I think the biggest difference is that the internet exists now, and it’s a real thing. People do things on the internet; they have SaaS systems, they do stuff online… It’s less of an assumption that what you’re buying is the kind of unlocked version of the crappy open source thing. I think you call it crippleware… You see that a lot in databases and to some extent in operating systems traditionally. The real value in an open source world, and the value in an internet-connected world is in communities and in not having to have the teamwork in your company to build a lot of these things.

We use a ton of SaaS at npm. We use AWS, we use Joyent, we use Fastly… It would be completely impossible to build this business without leveraging all of those same things. I think when we imagine the stodgy old enterprises, even those are increasingly either selling services or selling very large support contracts. If you’re somebody like IBM or Ericsson and you’re selling something to a humongous, multinational oil company or the Department of Defense, or the water and power of Europe - these massive deals for huge infrastructure projects, like… Okay, yeah, that still happens. That’s gonna keep happening. But I think when we talk about open source business, we’re talking about a handful of different things that are somewhat dependent on what type of open source thing we’re talking about.

[36:10] Totally.

npm is a business built around a workflow which has been pioneered in an open source community, so we’re not really selling our open source thing; what we’re selling is some tools to make it easier to use this open source workflow, which is a little bit of like a subtle thing to wrap your head around. I think Sentry is a similar kind of thing, it’s an open source product; you can use it, you can have it. What you’re really selling is the service, and that’s a thing that is like “Yes, of course I will pay for that, because the alternative is I pay even more for it.”

Yeah, even the term “open source business” is not really actually a term; it’s like a business that might have a component to it that’s open source, but how that is monetized, or whether it’s even relevant to the business itself seems to vary a lot. A lot of companies now that are saying they’re an open source business or they open source a certain aspect of their products, and they do it for recruiting and they do it because they’re trying to build a platform and attract all these developers to it and whatever. Those things are I think very different from what npm or Sentry does.

Yeah, I agree with this whole ship that makes it more accessible - cloud services fundamentally - but I think the thing that really would make you think that npm or Sentry are these hot new open source ideas is because of the market that we’re going after. Both of us focus on the developer market. Not necessarily directly the enterprise market… We go through developers to get to the enterprise market, and that’s a significant change; that never used to exist. It never used to be that a developer at a big bank could run npm or Sentry internally and really drive the decision “We’re gonna pay for this.” It used to always be passed top-down. I think that’s the major change that we’re seeing, and that’s why there are companies like us and are going to be more companies like us going forward.

I think that’s a really great point.

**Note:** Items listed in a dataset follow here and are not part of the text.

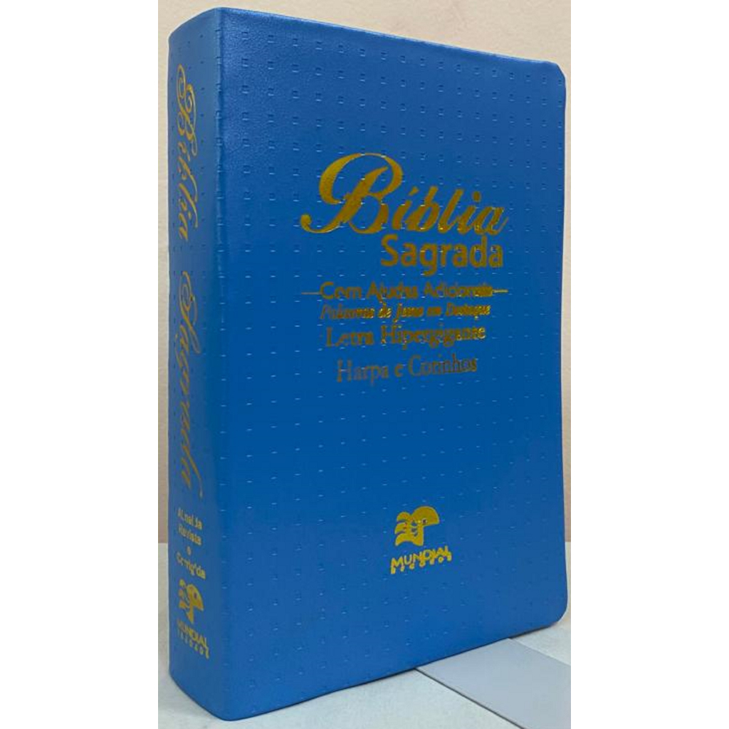 Bíblia letra hipergigante com harpa - capa luxo azul serenity
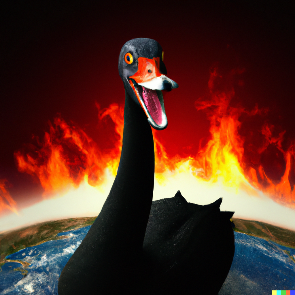 "A cartoon black swan with glowing red eyes laughing maniacally in front of a burning planet earth, cinematic photograph"
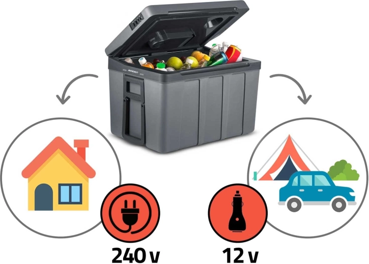 Táto priestranná 50 l termoelektrická chladnička s funkciou ohrevu je ideálny parťák na výlety, kempovanie aj dlhé jazdy autom. Vďaka dvojitým stenám a kvalitnej penovej izolácii udržiava potraviny a nápoje dlhšie svieže, zatiaľ čo dva ventilátory zabezpečujú rovnomerné prúdenie chladu v celom priestore. Praktické napájanie z 12 V zásuvky v aute aj zo siete 100–240 V umožní spoľahlivú prevádzku doma aj na cestách.
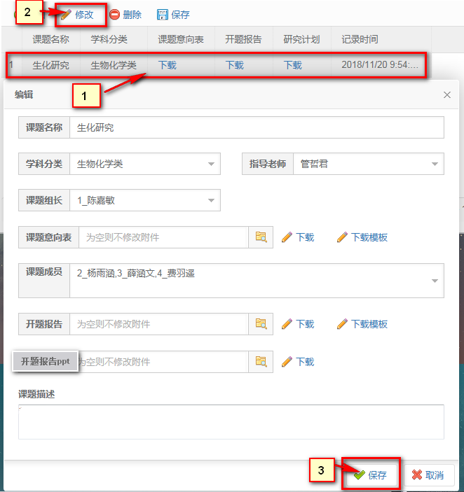 八、如需修改,按下图步骤,先点击保存的课题,然后点击修改,最后点击保存即可
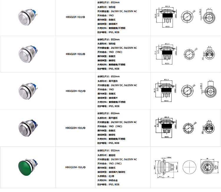 紅波按鈕金屬按鈕開關——HBGQ系列 ?22mm
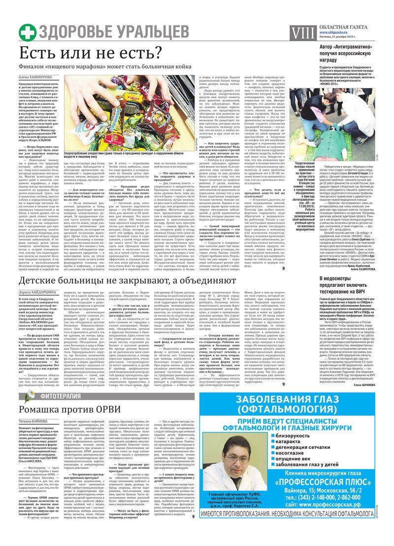 «Областная газета» № 239 (7805) от 25 декабря 2015 года
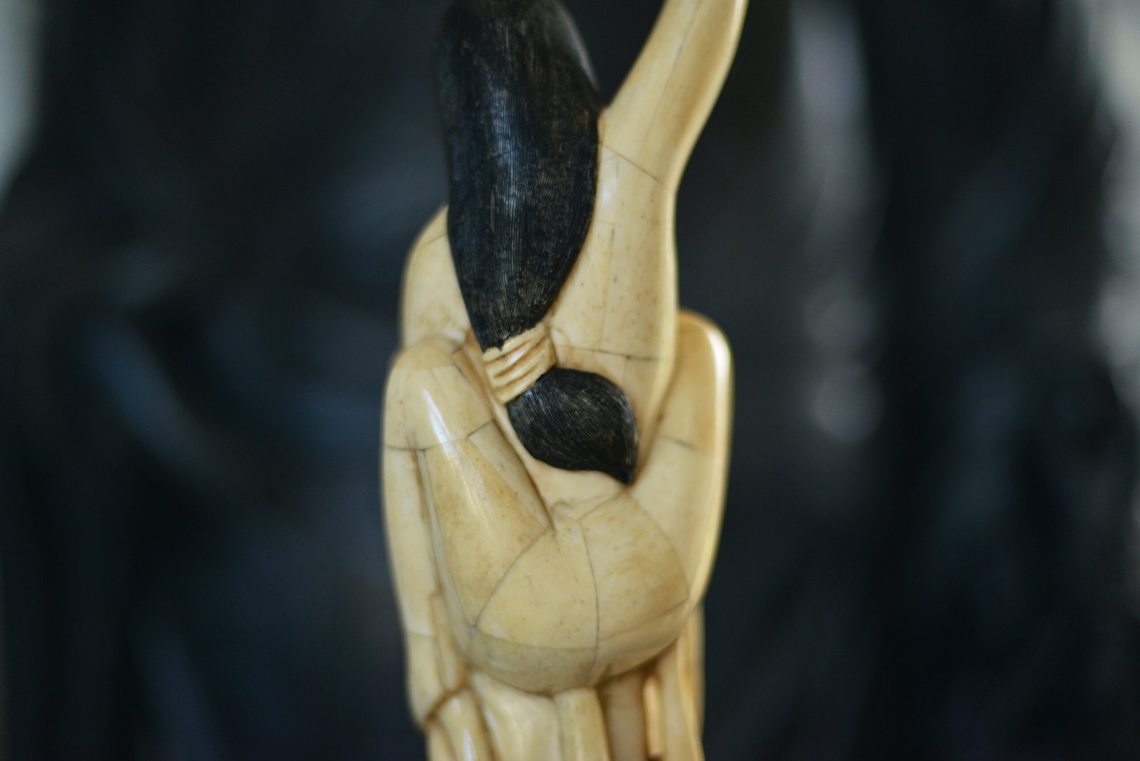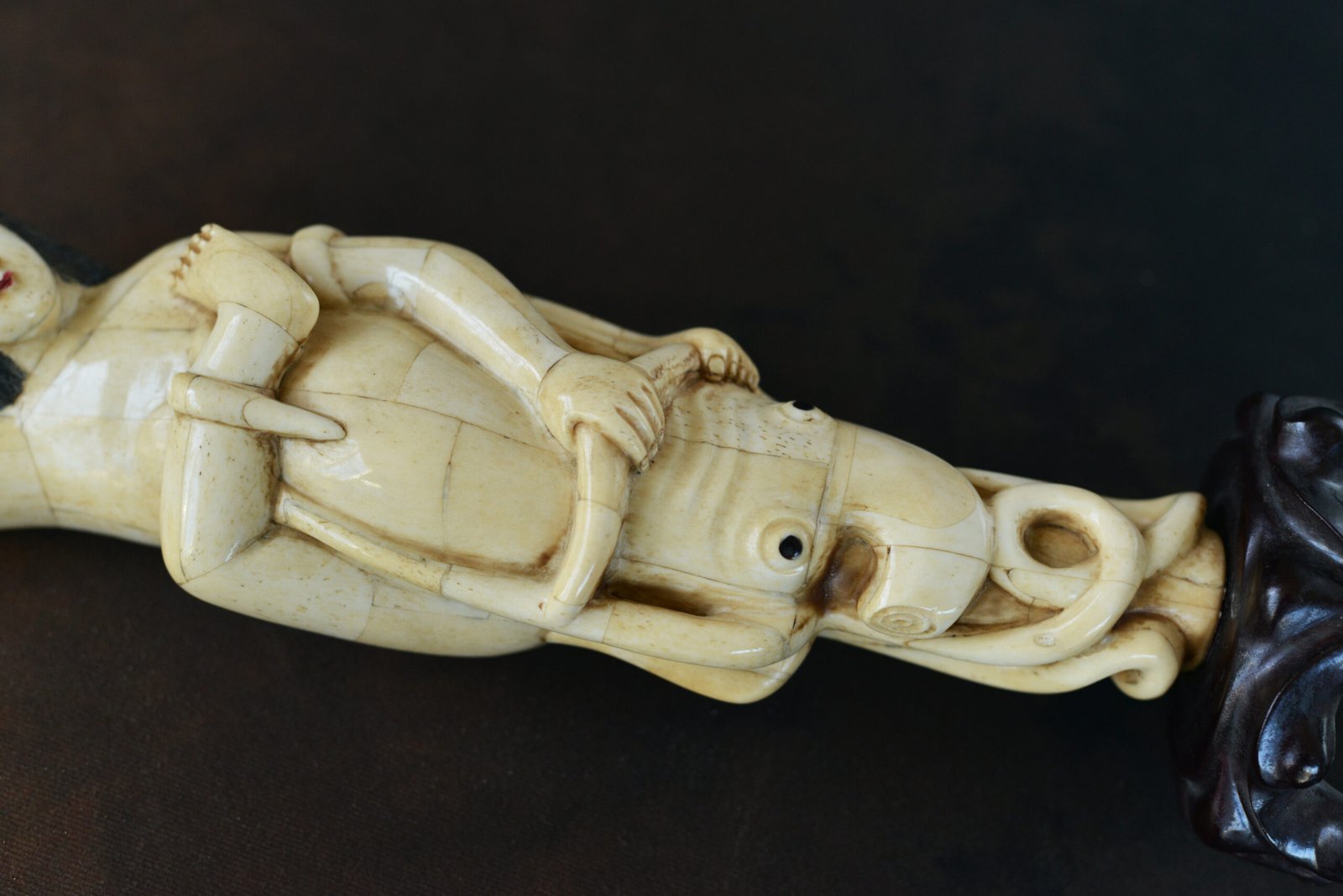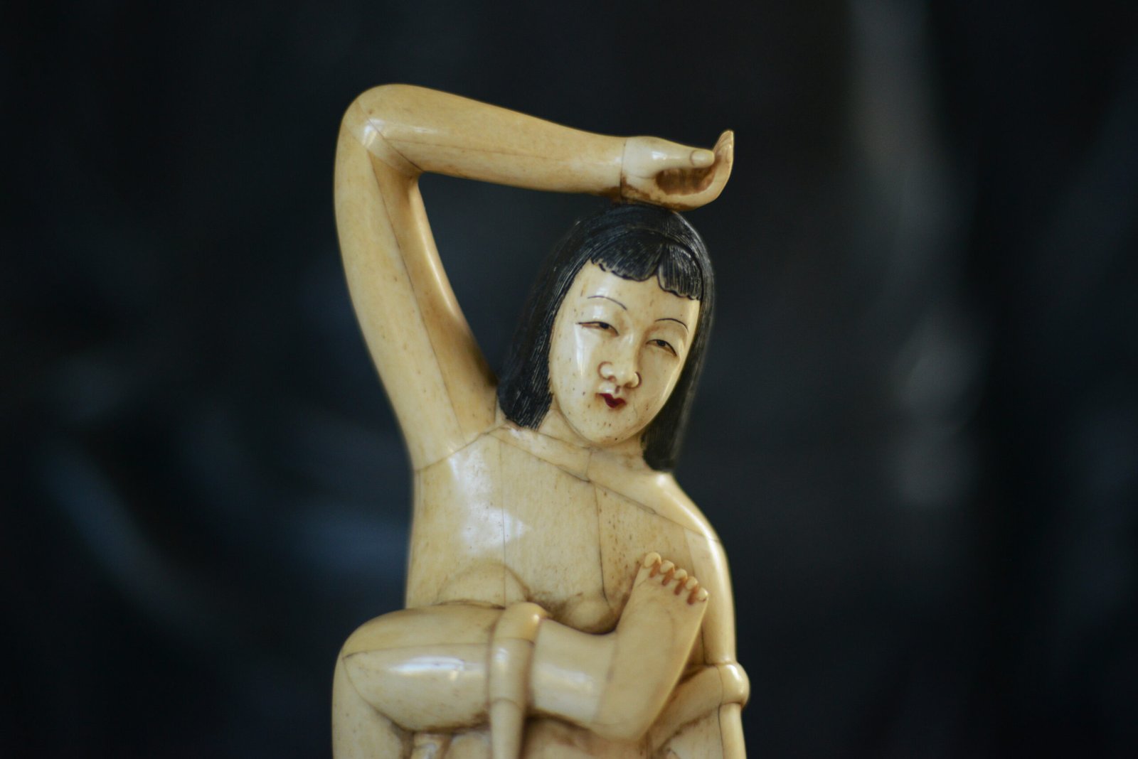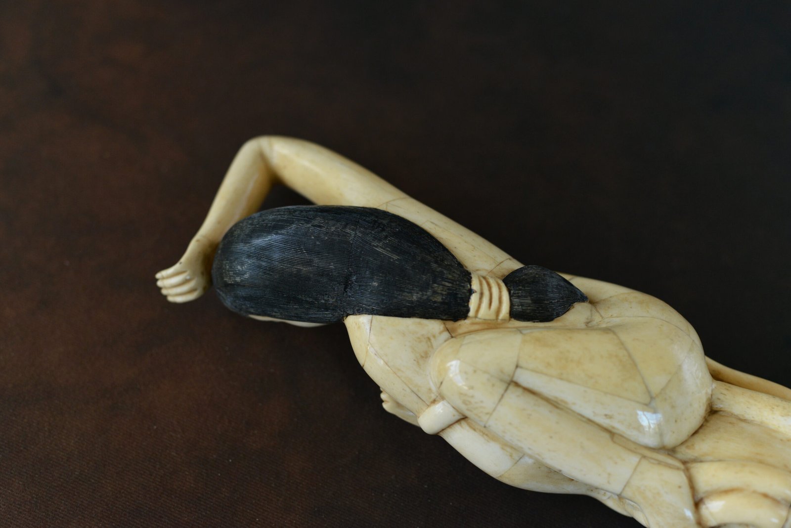 Étonnante scène sculptée en marqueterie d’os, représentant une jeune femme enlacée par une pieuvre aux tentacules enroulés. La composition, à la fois narrative et décorative, joue sur le contraste entre la douceur du visage, les lignes du corps et le mouvement sinueux des tentacules, finement travaillés.

It kind of coincides with a lot of other things around more like bottom-up everything, instead of top-down.

Also, you mentioned you’re not sure if “open source business” is even a real term; that does not stop anybody from using it. [laughter] It absolutely is a thing that people say, and even use it in kind of ludicrous ways. Like, how can you open source-ify your business, which is a….

Oh, god…

It’s a real sentence I’ve heard a real human being utter. It’s challenging, right? I mean, not every business makes sense, and the role that open source plays in some businesses might not make sense. There’s a lot to be said for proprietary software; there’s a lot of proprietary software in the world, and we use a lot of it. But I think increasingly what’s happening is where almost anything that you would give to a customer is probably mostly open source, and anything that you’re gonna charge for is probably behind, running on your own infrastructure anyway. It’s just easier to build a business around that, I think.

Alright, we’re gonna take a short break and when we get back we’ll dig a little bit more into the open source side of things.

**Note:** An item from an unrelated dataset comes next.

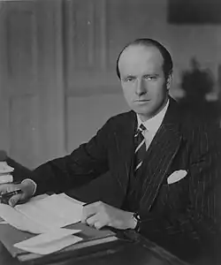 Brocket became known in society as a Nazi sympathiser.[3] He became a committed member of the Anglo-German Fellowship, and his homes were used for entertaining supporters of Germany. Brocket, who considered Minister for Foreign Affairs Joachim von Ribbentrop a close personal friend, was so enamoured with Nazi Germany, he attended Hitler's 50th birthday celebration in Berlin in 1939.[4] According to Neville Chamberlain, Foreign Secretary, the Earl of Halifax used Brocket as a conduit to convey the views of the British government to the leading German Nazis.
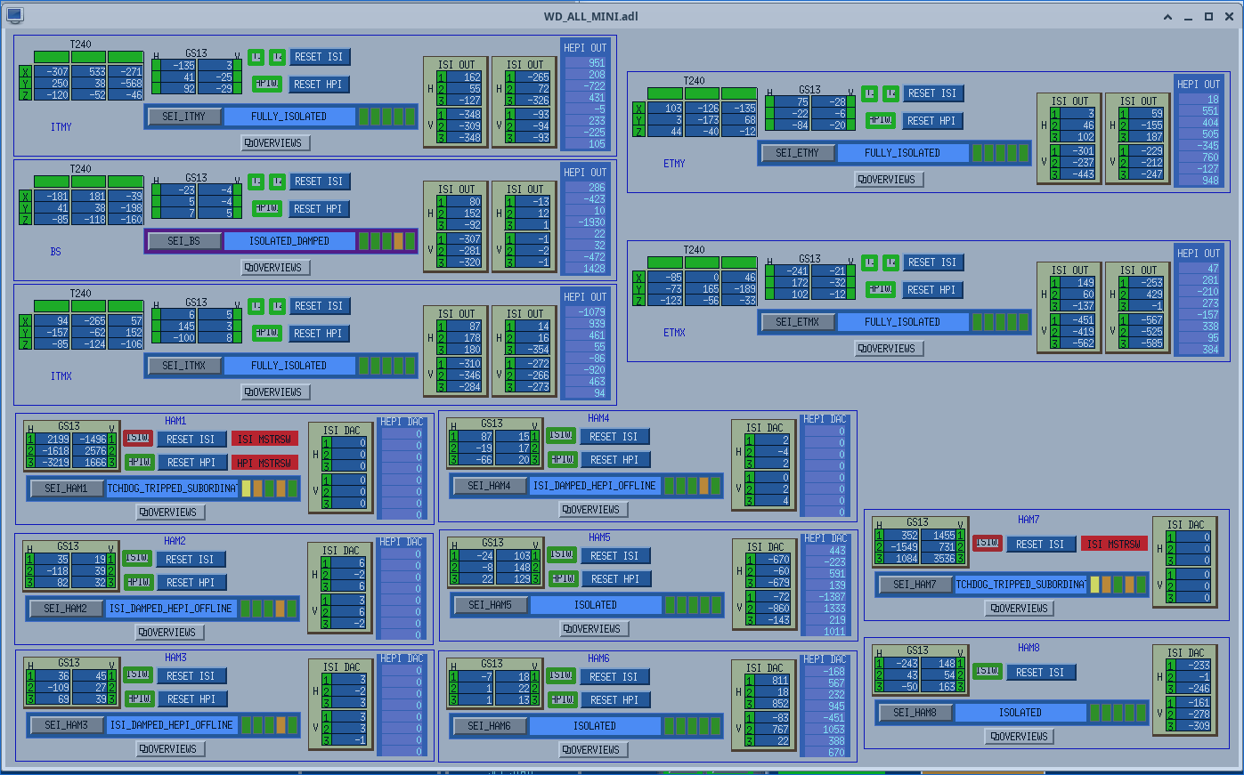 There were some SEI trips earlier today due to an earthquake. Dave went in and reset the software WDs earlier (88671), so to get the system back up to where it was before the earthquake, I went through and reset ISI and HPI to nominal for the chambers that needed them reset (aka not resetting them for the systems where we already have them down due to venting). Tony's overview and WD screenshots from Wednesday are a good reference for what state everything was in before the earthquake. This is what the OPS Overview looked like before I started resetting everything. Everything now that needed to be reset is back how it was before the earthquake (overview now).

And we’re back with Isaac Schlueter from npm and David Cramer from Sentry. Let’s get into the open source side of things with both of your businesses. For the projects that you’re stewarding as a company, do you think of your projects as something that the community builds and you’re sort of another actor in that community? Or is it something that your company is building and then open sourcing to the community?

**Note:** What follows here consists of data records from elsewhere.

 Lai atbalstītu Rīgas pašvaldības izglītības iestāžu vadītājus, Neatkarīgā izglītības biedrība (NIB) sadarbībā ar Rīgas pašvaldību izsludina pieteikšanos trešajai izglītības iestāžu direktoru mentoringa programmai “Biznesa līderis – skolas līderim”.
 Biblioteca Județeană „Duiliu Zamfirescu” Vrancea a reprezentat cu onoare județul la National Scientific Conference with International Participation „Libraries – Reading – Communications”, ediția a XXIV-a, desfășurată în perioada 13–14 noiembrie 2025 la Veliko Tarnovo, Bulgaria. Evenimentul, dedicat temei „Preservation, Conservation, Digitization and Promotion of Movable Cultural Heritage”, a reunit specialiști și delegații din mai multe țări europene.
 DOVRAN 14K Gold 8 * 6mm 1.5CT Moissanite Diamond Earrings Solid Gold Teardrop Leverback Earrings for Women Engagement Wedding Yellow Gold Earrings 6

Sentry has never been kind of a community-built project, and we’re totally okay with that. Even today, which is probably not great for a CEO, if you look at the contribution graph, it’s like I wrote nearly everything, and I think this is valuable because it allowed myself to drive the direction of the project, which is atypical of a lot of open source projects where they kind of end up like this hydra going a bunch of different directions and you really have to wrangle them in.

That’s been very beneficial to us. That said, on the other side what we have done is we really pushed a lot of “Here’s how it’s extensible, here’s how you can integrate or send data” and things like that. And what we saw early on is a lot of people were interested in that side. It’s much more accessible than a complex infrastructure project is, it’s much more appropriate for their situation. So what that means is we started building the project around the Python community. Somebody from that community went and started working at a Rails company, and they’re like, “You know, it would be really nice if I could send my Ruby data to Sentry” and it’s like “Oh, we have an API for that”, so they built our first Ruby client.

Somebody else was like, “Hey, it’d be cool to be able to use GitHub to create issues from Sentry”, so they went and they built the GitHub integration. That’s really where a lot of our power has come over the years. For us especially, that’s been a very compelling story because while we might be very good at what we do, we definitely are not experts in every language and every platform, and we barely know what kind of tools exist in the ecosystem anymore. So opening it up to allow contributions where contributions make more sense has been really good

But then we also do now and then get bug fixes from companies. Back in the day, when this big gaming company started using Sentry, they started contributing these really compelling performance patches that were very specific to their needs but were very interesting. Fast-forward today and we still have that same idea. Square has recently started contributing a bunch of small fixes here and there whenever they run into any issues, and often what that is it’s because they’re running something in a slightly different situation - in this case they’re using a MySQL instead of a Postgres database, and they have a very specific issue that comes up… We’d probably fix it for them, but the fact that it is open source and the fact that it is accessible really just brings in the contributions. But they’re never anything that’s really driving any kind of product features, and that’s actually worked out extremely well for us. I think it helps because it caters more towards a classical business, rather than a big open source ecosystem.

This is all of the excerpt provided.